[spam] [personal] perceiver model notes

Tue Jan 18 07:27:43 PST 2022

Figuring out Step 3b: Decoding

            decoder_outputs = self.decoder(
                query=decoder_query, # looks like just trainable parameters
                z=sequence_output, # this are the encoded hidden states
                query_mask=extended_attention_mask, # huh the mask is
maybe applied to the query
            )

# PerceiverBasicDecoder.forward()
layer_outputs = decoding_cross_attention(
  query,
  attention_mask=query_mask,
  inputs = z
)
logits = final_layer(layer_outputs[0])
return logits

# __init__
decoding_cross_attention = PerceiverLayer(
  is_cross_attention = True,
  kv_dim = d_latents,
  **kwparams # the rest of the dimensionality configuration is taken
from the call constructing the BasicDecoder
)
final_layer = nn.Linear(num_channels, output_num_channels)

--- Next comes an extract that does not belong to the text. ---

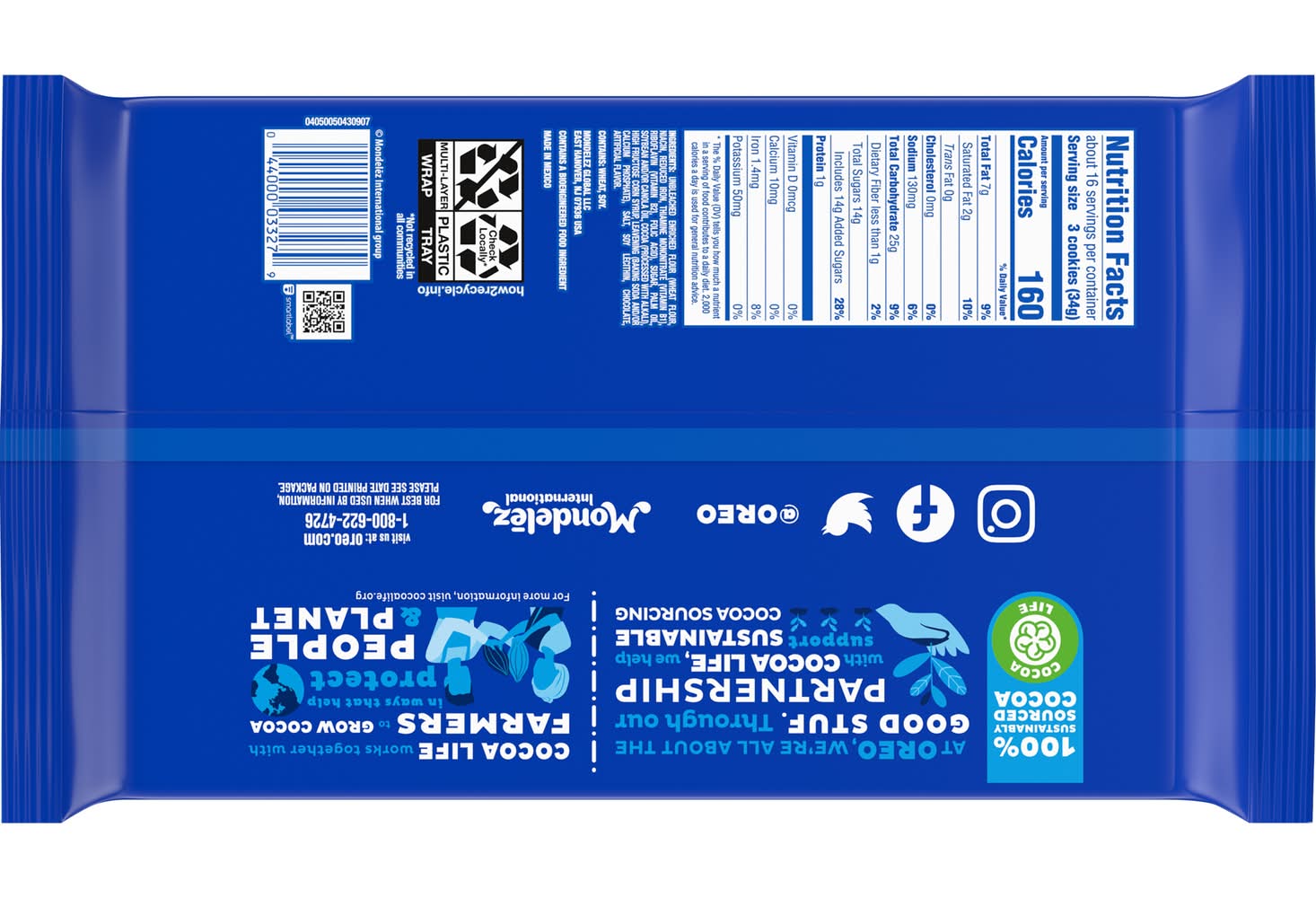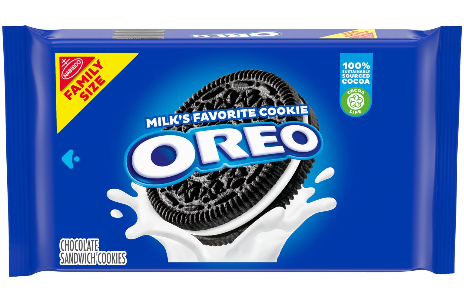 Take a delicious break with OREO Chocolate Sandwich Cookies, America's favorite sandwich cookie for over 100 years. Supremely dunkable, OREO cookies sandwich a rich creme filling between the bold taste of two chocolate wafers--making them milk's favorite cookie. Original OREO chocolate sandwich cookies are great for serving as a dessert or as party snacks at your next gathering or for packing sweet snacks with lunch at school or work. You can even mix these bulk cookies into your favorite dessert recipe for something a little extra special. The resealable OREO packages with easy-pull tab keep chocolate cookies fresh and is great for snacking, sharing, or traveling. Grab a OREO cookies family size package so you're ready for any snacking occasion. Cocoa Life: 100% Sustainably Sourced Cocoa; OREO partners with Cocoa Life to help support sustainable cocoa sourcing. Cocoa life works together with farmers to grow cocoa in ways that help protect people and the planet. • Size: 18.12 OZ • Mondelez Global LLC, East Hanover, Nj, 07936. • Packaging: Reusable

So, basically the decoder is a cross attention layer just like the
first layer in the encoder.
The "query" is used for the "hidden states" parameter, and the
"inputs" are ferried along to the "inputs" parameter, as if it were an
encoder.  Just like the encoder, trainable parameters are used for the
auxiliary data, and the "inputs" are passed along as the "inputs"
data.

It would be helpful for me at some point to put time into learning the
kqv terminology inside the attention layers.  That would make these
layers less confusing.

Step 3:
Encoded hidden state -> PerceiverBasicDecoder cross attention with
embedding parameters -> PerceiverBasicDecoder linear redimensioning ->
Decoder outputs